(Supplied entries)

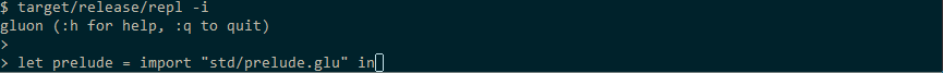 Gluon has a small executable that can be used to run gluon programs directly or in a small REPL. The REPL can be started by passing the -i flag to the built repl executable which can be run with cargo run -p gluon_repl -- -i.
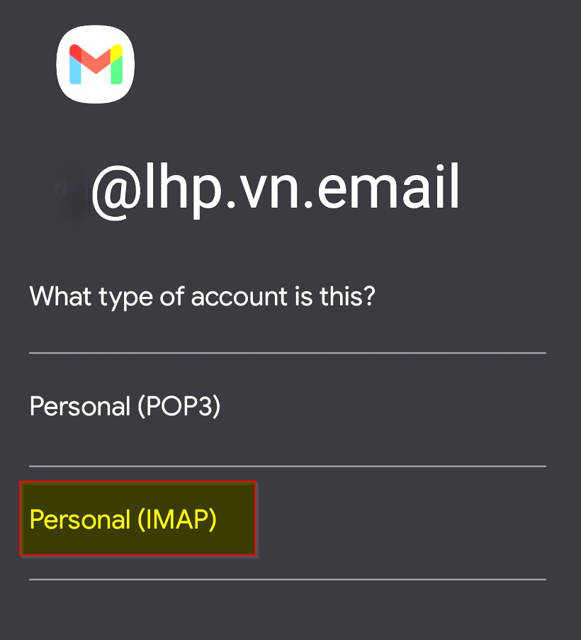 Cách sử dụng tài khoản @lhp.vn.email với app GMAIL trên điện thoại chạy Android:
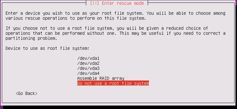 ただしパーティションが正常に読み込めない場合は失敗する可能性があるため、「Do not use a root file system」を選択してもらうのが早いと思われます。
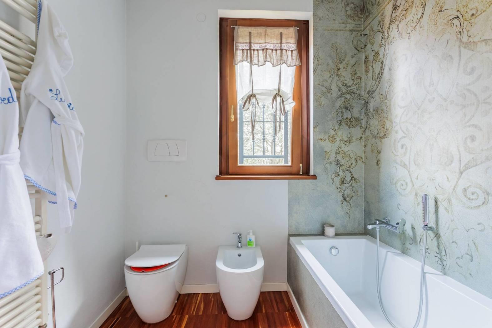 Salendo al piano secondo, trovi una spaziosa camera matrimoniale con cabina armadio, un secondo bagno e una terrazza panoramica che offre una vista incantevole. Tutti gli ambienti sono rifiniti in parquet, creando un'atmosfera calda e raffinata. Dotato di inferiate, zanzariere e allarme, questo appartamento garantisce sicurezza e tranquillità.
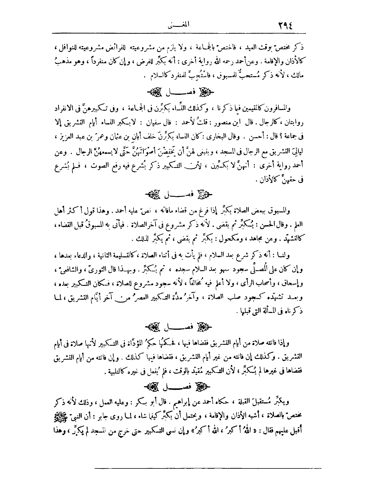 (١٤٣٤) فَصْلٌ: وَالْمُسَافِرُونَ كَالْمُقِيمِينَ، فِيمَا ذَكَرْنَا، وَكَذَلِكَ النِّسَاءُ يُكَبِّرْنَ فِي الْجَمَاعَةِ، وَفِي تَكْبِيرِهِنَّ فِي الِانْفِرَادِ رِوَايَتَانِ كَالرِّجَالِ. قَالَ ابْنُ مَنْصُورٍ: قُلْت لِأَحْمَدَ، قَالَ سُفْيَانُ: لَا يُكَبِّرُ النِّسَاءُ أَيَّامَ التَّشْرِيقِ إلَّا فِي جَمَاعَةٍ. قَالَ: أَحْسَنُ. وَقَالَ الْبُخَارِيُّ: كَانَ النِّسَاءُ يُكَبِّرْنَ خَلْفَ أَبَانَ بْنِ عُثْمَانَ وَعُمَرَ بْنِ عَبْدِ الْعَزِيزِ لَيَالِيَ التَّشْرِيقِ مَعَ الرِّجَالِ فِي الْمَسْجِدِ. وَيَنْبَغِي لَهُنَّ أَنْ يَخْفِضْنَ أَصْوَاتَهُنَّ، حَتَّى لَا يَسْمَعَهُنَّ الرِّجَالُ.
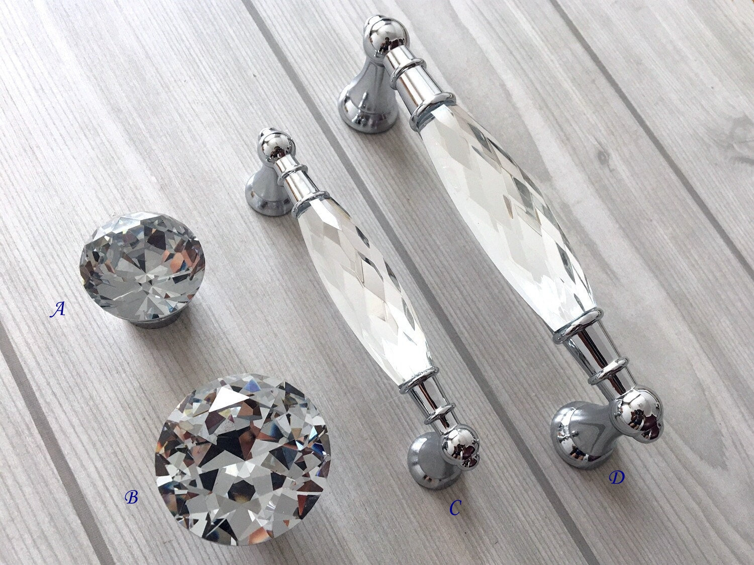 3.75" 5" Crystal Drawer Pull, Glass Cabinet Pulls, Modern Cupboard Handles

(End Supplied entries)

### The problem
Your reply should hold only the records, duplicated exactly, without any image.

### Solution to this task
 Gluon has a small executable that can be used to run gluon programs directly or in a small REPL. The REPL can be started by passing the -i flag to the built repl executable which can be run with cargo run -p gluon_repl -- -i.
 Cách sử dụng tài khoản @lhp.vn.email với app GMAIL trên điện thoại chạy Android:
 ただしパーティションが正常に読み込めない場合は失敗する可能性があるため、「Do not use a root file system」を選択してもらうのが早いと思われます。
 Salendo al piano secondo, trovi una spaziosa camera matrimoniale con cabina armadio, un secondo bagno e una terrazza panoramica che offre una vista incantevole. Tutti gli ambienti sono rifiniti in parquet, creando un'atmosfera calda e raffinata. Dotato di inferiate, zanzariere e allarme, questo appartamento garantisce sicurezza e tranquillità.
 (١٤٣٤) فَصْلٌ: وَالْمُسَافِرُونَ كَالْمُقِيمِينَ، فِيمَا ذَكَرْنَا، وَكَذَلِكَ النِّسَاءُ يُكَبِّرْنَ فِي الْجَمَاعَةِ، وَفِي تَكْبِيرِهِنَّ فِي الِانْفِرَادِ رِوَايَتَانِ كَالرِّجَالِ. قَالَ ابْنُ مَنْصُورٍ: قُلْت لِأَحْمَدَ، قَالَ سُفْيَانُ: لَا يُكَبِّرُ النِّسَاءُ أَيَّامَ التَّشْرِيقِ إلَّا فِي جَمَاعَةٍ. قَالَ: أَحْسَنُ. وَقَالَ الْبُخَارِيُّ: كَانَ النِّسَاءُ يُكَبِّرْنَ خَلْفَ أَبَانَ بْنِ عُثْمَانَ وَعُمَرَ بْنِ عَبْدِ الْعَزِيزِ لَيَالِيَ التَّشْرِيقِ مَعَ الرِّجَالِ فِي الْمَسْجِدِ. وَيَنْبَغِي لَهُنَّ أَنْ يَخْفِضْنَ أَصْوَاتَهُنَّ، حَتَّى لَا يَسْمَعَهُنَّ الرِّجَالُ.
 3.75" 5" Crystal Drawer Pull, Glass Cabinet Pulls, Modern Cupboard Handles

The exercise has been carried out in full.